Usually, there are two types of auctions coordinated by RTOs/ISOs. A day-ahead auction sets the price of power for the following day in one-hour increments. Usually this auction is completed in the early afternoon on the day before delivery. This allows power producers time to arrange fuel and operating schedules for the delivery day. The actual demand for power isn’t known when the day-ahead auction occurs. Instead, this auction is based on a prediction of next day’s required load.

The second auction is a real-time auction that is run continuously throughout the actual delivery day. This auction balances the actual demand against the predictions made the previous day. It is typically bid in five-minute increments. If a power plant is not chosen to operate in the day-ahead auction, it can still participate in the real-time auction.
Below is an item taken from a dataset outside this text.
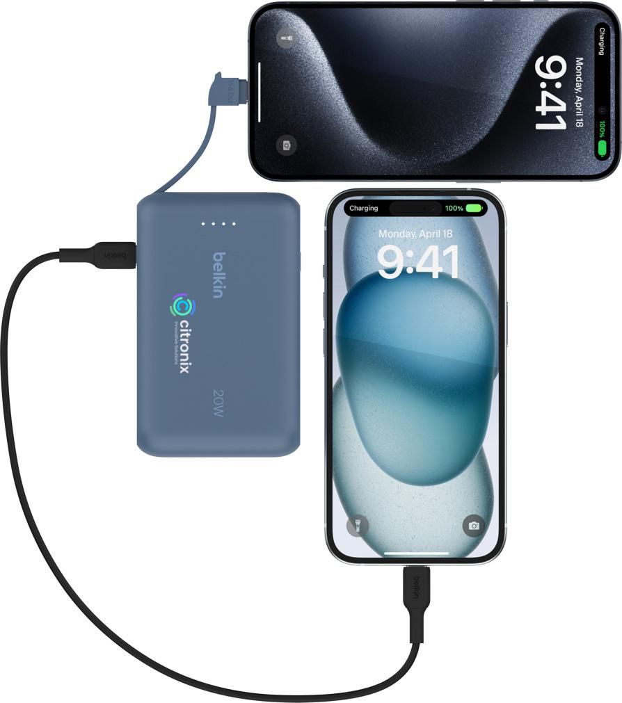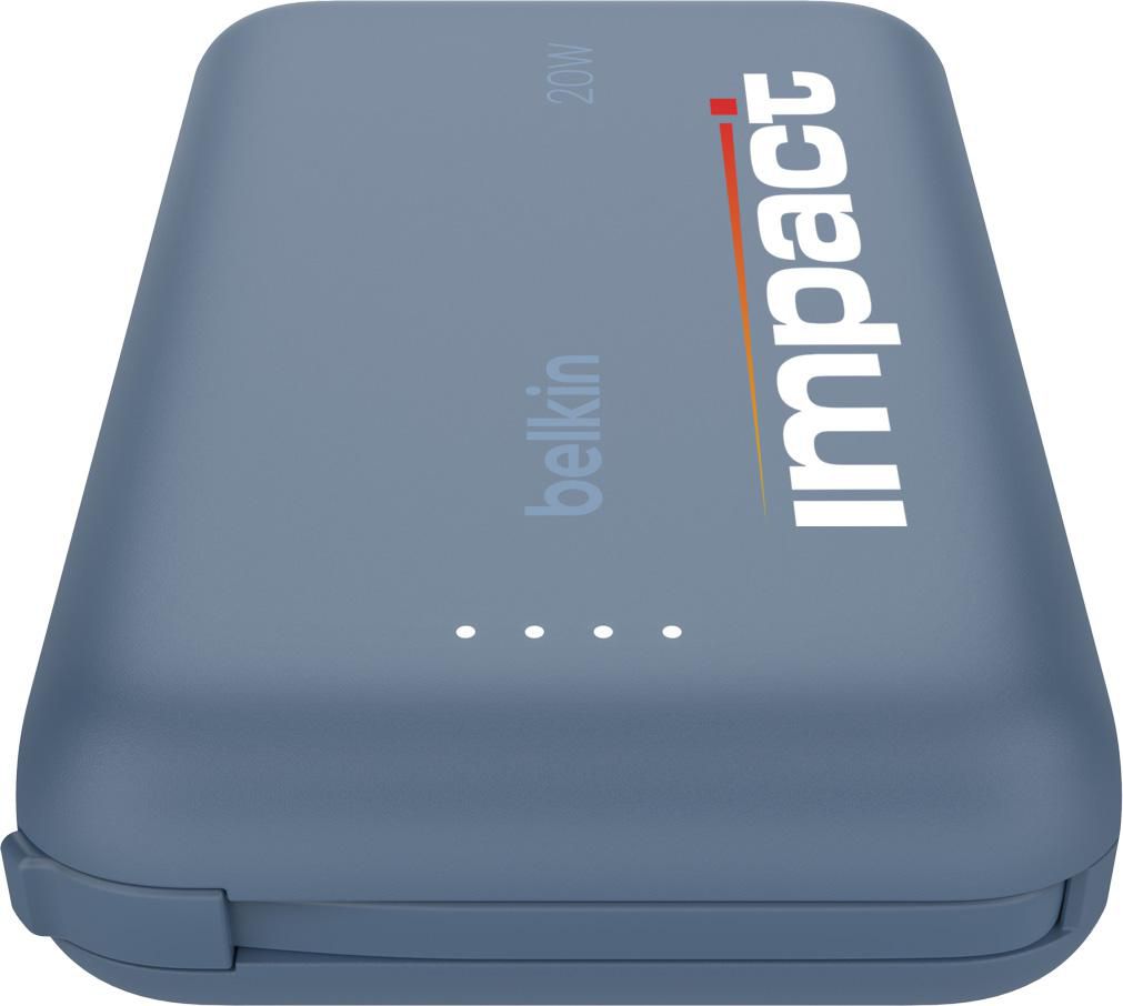 Powerbank 10.000 mAh mit integriertem Kabel, von der Marke Belkin. Das Gehäuse (ohne Kabel) besteht zu 72% aus recycelten Materialien. Mit Pass-Through-Ladefunktion: Geräte können aufgeladen werden, während die Powerbank selbst aufgeladen wird. Laden Sie zwei Geräte gleichzeitig mit einer Leistung von bis zu 20 W über das integrierte USB-C-Kabel und den zusätzlichen Anschluss. Diese Powerbank bietet bis zu 43 Stunden zusätzliche Akkulaufzeit in einem kompakten und leichten Gehäuse. Mit LED-Anzeigeleuchte. Mit LED-Anzeigeleuchte. 100% kunststofffreie Verpackung. Hergestellt aus recyceltem Kunststoff. Inklusive Gebrauchsanweisung.

However, the real-time auctions require power plants to turn on and off quickly, and not every power plant has this capability.

Only power plants participate in the daily auctions. However, the auction mechanism is important to every market participant since it determines the price of power in each region.

Market Participants

The work of getting electricity to consumers is often broken into four components (Figure 2.2.2). The first is generation, the work of creating electricity. The second is long-distance transportation, called transmission. The third is distribution, which involves getting the power the last mile from the local substation to the consumer. The fourth and final step is retail sales, which involves billing and customer service. In regulated markets with monopoly utility, the utility is typically responsible for all four jobs. In deregulated markets, it is common for these responsibilities to be split between multiple entities.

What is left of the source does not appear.